What is being asked — Print the listing in full, keeping every line exactly as it is.

Available data —
● ● ● ●

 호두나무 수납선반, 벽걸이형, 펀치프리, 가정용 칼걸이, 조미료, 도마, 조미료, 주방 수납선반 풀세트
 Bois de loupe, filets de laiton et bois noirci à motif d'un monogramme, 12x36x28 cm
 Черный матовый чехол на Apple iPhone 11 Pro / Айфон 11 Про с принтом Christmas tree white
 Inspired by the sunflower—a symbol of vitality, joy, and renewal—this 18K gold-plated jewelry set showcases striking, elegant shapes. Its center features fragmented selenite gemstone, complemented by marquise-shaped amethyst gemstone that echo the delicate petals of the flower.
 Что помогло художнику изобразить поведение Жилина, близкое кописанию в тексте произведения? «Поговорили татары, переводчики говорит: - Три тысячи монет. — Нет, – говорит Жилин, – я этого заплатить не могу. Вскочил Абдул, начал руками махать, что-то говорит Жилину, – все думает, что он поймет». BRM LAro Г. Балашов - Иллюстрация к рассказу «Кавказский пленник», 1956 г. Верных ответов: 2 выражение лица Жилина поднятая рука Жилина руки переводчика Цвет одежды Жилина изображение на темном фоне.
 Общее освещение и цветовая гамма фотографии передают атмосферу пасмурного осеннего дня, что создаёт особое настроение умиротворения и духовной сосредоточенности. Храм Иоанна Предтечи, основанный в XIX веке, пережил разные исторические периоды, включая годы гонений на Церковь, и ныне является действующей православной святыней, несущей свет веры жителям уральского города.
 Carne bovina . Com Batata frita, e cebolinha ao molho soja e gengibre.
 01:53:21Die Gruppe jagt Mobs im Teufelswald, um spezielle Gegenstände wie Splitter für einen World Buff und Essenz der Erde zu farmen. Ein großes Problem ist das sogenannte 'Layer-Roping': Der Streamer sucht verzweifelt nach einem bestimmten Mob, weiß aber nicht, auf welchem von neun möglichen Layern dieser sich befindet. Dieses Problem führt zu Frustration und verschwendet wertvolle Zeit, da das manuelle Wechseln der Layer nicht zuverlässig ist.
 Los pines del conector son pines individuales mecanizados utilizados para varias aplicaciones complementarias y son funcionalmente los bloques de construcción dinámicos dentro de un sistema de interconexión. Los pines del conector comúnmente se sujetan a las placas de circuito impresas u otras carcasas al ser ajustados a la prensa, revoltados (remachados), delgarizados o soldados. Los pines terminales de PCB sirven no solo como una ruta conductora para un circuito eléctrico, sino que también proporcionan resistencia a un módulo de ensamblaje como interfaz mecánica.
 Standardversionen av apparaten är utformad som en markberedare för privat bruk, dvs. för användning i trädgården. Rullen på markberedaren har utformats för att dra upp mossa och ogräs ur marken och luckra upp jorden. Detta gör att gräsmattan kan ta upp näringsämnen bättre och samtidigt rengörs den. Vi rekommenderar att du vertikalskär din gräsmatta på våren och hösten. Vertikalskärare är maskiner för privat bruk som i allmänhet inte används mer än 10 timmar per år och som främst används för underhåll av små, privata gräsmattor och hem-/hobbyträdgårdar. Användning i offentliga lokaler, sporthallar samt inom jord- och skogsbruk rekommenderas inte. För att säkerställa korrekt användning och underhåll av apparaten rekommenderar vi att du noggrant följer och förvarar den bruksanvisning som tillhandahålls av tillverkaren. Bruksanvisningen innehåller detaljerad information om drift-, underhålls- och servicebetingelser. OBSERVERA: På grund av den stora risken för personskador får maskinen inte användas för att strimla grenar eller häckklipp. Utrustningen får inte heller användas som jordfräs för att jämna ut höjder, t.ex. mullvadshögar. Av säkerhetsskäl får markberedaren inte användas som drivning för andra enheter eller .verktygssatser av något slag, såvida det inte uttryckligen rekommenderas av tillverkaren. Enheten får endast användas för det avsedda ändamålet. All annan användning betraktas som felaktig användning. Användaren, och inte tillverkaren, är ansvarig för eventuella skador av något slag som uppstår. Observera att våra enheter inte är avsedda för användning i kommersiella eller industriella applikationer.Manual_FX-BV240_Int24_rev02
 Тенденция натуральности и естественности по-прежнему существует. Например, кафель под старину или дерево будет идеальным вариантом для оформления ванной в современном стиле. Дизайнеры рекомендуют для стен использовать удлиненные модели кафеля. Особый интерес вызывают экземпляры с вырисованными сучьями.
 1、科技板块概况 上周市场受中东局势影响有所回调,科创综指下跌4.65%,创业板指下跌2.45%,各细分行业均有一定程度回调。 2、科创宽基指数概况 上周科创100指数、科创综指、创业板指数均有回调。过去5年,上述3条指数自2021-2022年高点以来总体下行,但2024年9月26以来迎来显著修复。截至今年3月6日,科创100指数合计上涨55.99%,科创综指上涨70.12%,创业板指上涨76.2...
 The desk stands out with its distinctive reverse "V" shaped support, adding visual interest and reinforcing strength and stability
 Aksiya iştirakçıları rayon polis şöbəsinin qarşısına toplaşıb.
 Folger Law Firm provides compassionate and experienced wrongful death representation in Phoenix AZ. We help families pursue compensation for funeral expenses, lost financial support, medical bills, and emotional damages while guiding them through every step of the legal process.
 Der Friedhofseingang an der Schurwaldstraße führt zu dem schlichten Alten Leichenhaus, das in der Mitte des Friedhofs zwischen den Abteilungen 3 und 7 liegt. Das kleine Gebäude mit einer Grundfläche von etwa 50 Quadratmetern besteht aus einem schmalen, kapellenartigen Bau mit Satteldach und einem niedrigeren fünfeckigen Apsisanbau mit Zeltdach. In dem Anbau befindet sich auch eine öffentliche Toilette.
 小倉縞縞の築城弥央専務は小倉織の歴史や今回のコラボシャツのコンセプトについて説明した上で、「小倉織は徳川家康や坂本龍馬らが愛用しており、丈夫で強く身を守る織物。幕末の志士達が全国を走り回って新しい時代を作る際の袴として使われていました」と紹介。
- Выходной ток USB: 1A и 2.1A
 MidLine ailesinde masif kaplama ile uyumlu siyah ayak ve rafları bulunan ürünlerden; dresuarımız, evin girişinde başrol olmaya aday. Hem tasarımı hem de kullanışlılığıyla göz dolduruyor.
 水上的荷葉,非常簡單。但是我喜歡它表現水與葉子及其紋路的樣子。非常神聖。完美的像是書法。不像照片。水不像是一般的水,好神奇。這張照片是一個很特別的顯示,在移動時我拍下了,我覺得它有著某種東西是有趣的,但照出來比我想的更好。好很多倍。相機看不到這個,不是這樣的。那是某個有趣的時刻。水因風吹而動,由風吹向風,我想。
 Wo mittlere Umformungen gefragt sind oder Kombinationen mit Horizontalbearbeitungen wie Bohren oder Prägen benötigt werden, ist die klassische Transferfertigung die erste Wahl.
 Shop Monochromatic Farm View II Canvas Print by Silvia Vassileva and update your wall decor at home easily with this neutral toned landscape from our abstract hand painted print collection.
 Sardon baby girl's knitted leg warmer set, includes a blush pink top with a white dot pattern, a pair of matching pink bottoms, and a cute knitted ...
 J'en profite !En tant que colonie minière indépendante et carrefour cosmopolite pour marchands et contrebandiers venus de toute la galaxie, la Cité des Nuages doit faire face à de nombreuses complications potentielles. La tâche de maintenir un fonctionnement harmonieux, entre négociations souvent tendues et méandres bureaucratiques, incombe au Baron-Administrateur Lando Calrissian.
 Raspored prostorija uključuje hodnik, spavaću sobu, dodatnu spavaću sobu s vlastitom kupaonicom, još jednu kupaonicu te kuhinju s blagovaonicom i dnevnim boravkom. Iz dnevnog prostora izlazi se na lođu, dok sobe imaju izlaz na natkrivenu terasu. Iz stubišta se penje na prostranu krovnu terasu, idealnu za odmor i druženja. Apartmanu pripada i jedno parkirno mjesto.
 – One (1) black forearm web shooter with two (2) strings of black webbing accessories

● ● ● ●

Expected answer —
 호두나무 수납선반, 벽걸이형, 펀치프리, 가정용 칼걸이, 조미료, 도마, 조미료, 주방 수납선반 풀세트
 Bois de loupe, filets de laiton et bois noirci à motif d'un monogramme, 12x36x28 cm
 Черный матовый чехол на Apple iPhone 11 Pro / Айфон 11 Про с принтом Christmas tree white
 Inspired by the sunflower—a symbol of vitality, joy, and renewal—this 18K gold-plated jewelry set showcases striking, elegant shapes. Its center features fragmented selenite gemstone, complemented by marquise-shaped amethyst gemstone that echo the delicate petals of the flower.
 Что помогло художнику изобразить поведение Жилина, близкое кописанию в тексте произведения? «Поговорили татары, переводчики говорит: - Три тысячи монет. — Нет, – говорит Жилин, – я этого заплатить не могу. Вскочил Абдул, начал руками махать, что-то говорит Жилину, – все думает, что он поймет». BRM LAro Г. Балашов - Иллюстрация к рассказу «Кавказский пленник», 1956 г. Верных ответов: 2 выражение лица Жилина поднятая рука Жилина руки переводчика Цвет одежды Жилина изображение на темном фоне.
 Общее освещение и цветовая гамма фотографии передают атмосферу пасмурного осеннего дня, что создаёт особое настроение умиротворения и духовной сосредоточенности. Храм Иоанна Предтечи, основанный в XIX веке, пережил разные исторические периоды, включая годы гонений на Церковь, и ныне является действующей православной святыней, несущей свет веры жителям уральского города.
 Carne bovina . Com Batata frita, e cebolinha ao molho soja e gengibre.
 01:53:21Die Gruppe jagt Mobs im Teufelswald, um spezielle Gegenstände wie Splitter für einen World Buff und Essenz der Erde zu farmen. Ein großes Problem ist das sogenannte 'Layer-Roping': Der Streamer sucht verzweifelt nach einem bestimmten Mob, weiß aber nicht, auf welchem von neun möglichen Layern dieser sich befindet. Dieses Problem führt zu Frustration und verschwendet wertvolle Zeit, da das manuelle Wechseln der Layer nicht zuverlässig ist.
 Los pines del conector son pines individuales mecanizados utilizados para varias aplicaciones complementarias y son funcionalmente los bloques de construcción dinámicos dentro de un sistema de interconexión. Los pines del conector comúnmente se sujetan a las placas de circuito impresas u otras carcasas al ser ajustados a la prensa, revoltados (remachados), delgarizados o soldados. Los pines terminales de PCB sirven no solo como una ruta conductora para un circuito eléctrico, sino que también proporcionan resistencia a un módulo de ensamblaje como interfaz mecánica.
 Standardversionen av apparaten är utformad som en markberedare för privat bruk, dvs. för användning i trädgården. Rullen på markberedaren har utformats för att dra upp mossa och ogräs ur marken och luckra upp jorden. Detta gör att gräsmattan kan ta upp näringsämnen bättre och samtidigt rengörs den. Vi rekommenderar att du vertikalskär din gräsmatta på våren och hösten. Vertikalskärare är maskiner för privat bruk som i allmänhet inte används mer än 10 timmar per år och som främst används för underhåll av små, privata gräsmattor och hem-/hobbyträdgårdar. Användning i offentliga lokaler, sporthallar samt inom jord- och skogsbruk rekommenderas inte. För att säkerställa korrekt användning och underhåll av apparaten rekommenderar vi att du noggrant följer och förvarar den bruksanvisning som tillhandahålls av tillverkaren. Bruksanvisningen innehåller detaljerad information om drift-, underhålls- och servicebetingelser. OBSERVERA: På grund av den stora risken för personskador får maskinen inte användas för att strimla grenar eller häckklipp. Utrustningen får inte heller användas som jordfräs för att jämna ut höjder, t.ex. mullvadshögar. Av säkerhetsskäl får markberedaren inte användas som drivning för andra enheter eller .verktygssatser av något slag, såvida det inte uttryckligen rekommenderas av tillverkaren. Enheten får endast användas för det avsedda ändamålet. All annan användning betraktas som felaktig användning. Användaren, och inte tillverkaren, är ansvarig för eventuella skador av något slag som uppstår. Observera att våra enheter inte är avsedda för användning i kommersiella eller industriella applikationer.Manual_FX-BV240_Int24_rev02
 Тенденция натуральности и естественности по-прежнему существует. Например, кафель под старину или дерево будет идеальным вариантом для оформления ванной в современном стиле. Дизайнеры рекомендуют для стен использовать удлиненные модели кафеля. Особый интерес вызывают экземпляры с вырисованными сучьями.
 1、科技板块概况 上周市场受中东局势影响有所回调,科创综指下跌4.65%,创业板指下跌2.45%,各细分行业均有一定程度回调。 2、科创宽基指数概况 上周科创100指数、科创综指、创业板指数均有回调。过去5年,上述3条指数自2021-2022年高点以来总体下行,但2024年9月26以来迎来显著修复。截至今年3月6日,科创100指数合计上涨55.99%,科创综指上涨70.12%,创业板指上涨76.2...
 The desk stands out with its distinctive reverse "V" shaped support, adding visual interest and reinforcing strength and stability
 Aksiya iştirakçıları rayon polis şöbəsinin qarşısına toplaşıb.
 Folger Law Firm provides compassionate and experienced wrongful death representation in Phoenix AZ. We help families pursue compensation for funeral expenses, lost financial support, medical bills, and emotional damages while guiding them through every step of the legal process.
 Der Friedhofseingang an der Schurwaldstraße führt zu dem schlichten Alten Leichenhaus, das in der Mitte des Friedhofs zwischen den Abteilungen 3 und 7 liegt. Das kleine Gebäude mit einer Grundfläche von etwa 50 Quadratmetern besteht aus einem schmalen, kapellenartigen Bau mit Satteldach und einem niedrigeren fünfeckigen Apsisanbau mit Zeltdach. In dem Anbau befindet sich auch eine öffentliche Toilette.
 小倉縞縞の築城弥央専務は小倉織の歴史や今回のコラボシャツのコンセプトについて説明した上で、「小倉織は徳川家康や坂本龍馬らが愛用しており、丈夫で強く身を守る織物。幕末の志士達が全国を走り回って新しい時代を作る際の袴として使われていました」と紹介。
- Выходной ток USB: 1A и 2.1A
 MidLine ailesinde masif kaplama ile uyumlu siyah ayak ve rafları bulunan ürünlerden; dresuarımız, evin girişinde başrol olmaya aday. Hem tasarımı hem de kullanışlılığıyla göz dolduruyor.
 水上的荷葉,非常簡單。但是我喜歡它表現水與葉子及其紋路的樣子。非常神聖。完美的像是書法。不像照片。水不像是一般的水,好神奇。這張照片是一個很特別的顯示,在移動時我拍下了,我覺得它有著某種東西是有趣的,但照出來比我想的更好。好很多倍。相機看不到這個,不是這樣的。那是某個有趣的時刻。水因風吹而動,由風吹向風,我想。
 Wo mittlere Umformungen gefragt sind oder Kombinationen mit Horizontalbearbeitungen wie Bohren oder Prägen benötigt werden, ist die klassische Transferfertigung die erste Wahl.
 Shop Monochromatic Farm View II Canvas Print by Silvia Vassileva and update your wall decor at home easily with this neutral toned landscape from our abstract hand painted print collection.
 Sardon baby girl's knitted leg warmer set, includes a blush pink top with a white dot pattern, a pair of matching pink bottoms, and a cute knitted ...
 J'en profite !En tant que colonie minière indépendante et carrefour cosmopolite pour marchands et contrebandiers venus de toute la galaxie, la Cité des Nuages doit faire face à de nombreuses complications potentielles. La tâche de maintenir un fonctionnement harmonieux, entre négociations souvent tendues et méandres bureaucratiques, incombe au Baron-Administrateur Lando Calrissian.
 Raspored prostorija uključuje hodnik, spavaću sobu, dodatnu spavaću sobu s vlastitom kupaonicom, još jednu kupaonicu te kuhinju s blagovaonicom i dnevnim boravkom. Iz dnevnog prostora izlazi se na lođu, dok sobe imaju izlaz na natkrivenu terasu. Iz stubišta se penje na prostranu krovnu terasu, idealnu za odmor i druženja. Apartmanu pripada i jedno parkirno mjesto.
 – One (1) black forearm web shooter with two (2) strings of black webbing accessories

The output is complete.